High-efficiency of novel hierarchical 3D macroporous g-C3N4 material on solar-driven photocatalytic water-splitting for hydrogen evolution

Abstract

The use of multi-pore nanostructured g-C3N4 photocatalysts is an efficient approach to separate photogenerated charge carriers and increase visible light photocatalytic performance. Recent progress has yielded nanostructured material through hard templating, which limits potential applications. Integrating the 2D building block into multidimensional porous structures remains a significant challenge in scalable production. Herein, a novel technique based on P407 bubble clusters templating and fixation by freezing is described for the first time to fabricate a 3D opened-up macroporous g-C3N4 nanostructures for photocatalytic H2 evolution. Three-dimensional hierarchical nanostructures provide more contact active sites and synergistically promote the creation of heterogeneous catalytic interfaces.
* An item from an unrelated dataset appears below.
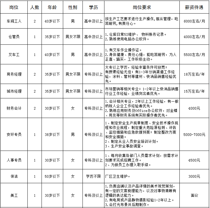 福利待遇:五险一金、节假日福利、工龄补贴、午餐补助、提供住宿。

This feature is very useful for understanding the transfer path of photoinduced charges as well as the origins of the high charge separation efficiency in photocatalytic reactions, thus yielding a remarkable visible light-induced H2 evolution rate of 4213.6 μmol h−1 g−1, which is nearly 5.6 times (716 μmol h−1 g−1) higher than that of lamellar bulk g-C3N4. This newly developed approach offers a promising alternative to synthesize broad-spectral response 3D hierarchal g-C3N4 nanostructures and can be extended to assemble other functional nanomaterials as building blocks into macroscopic configurations coupled with electronic modulation strategy simultaneously.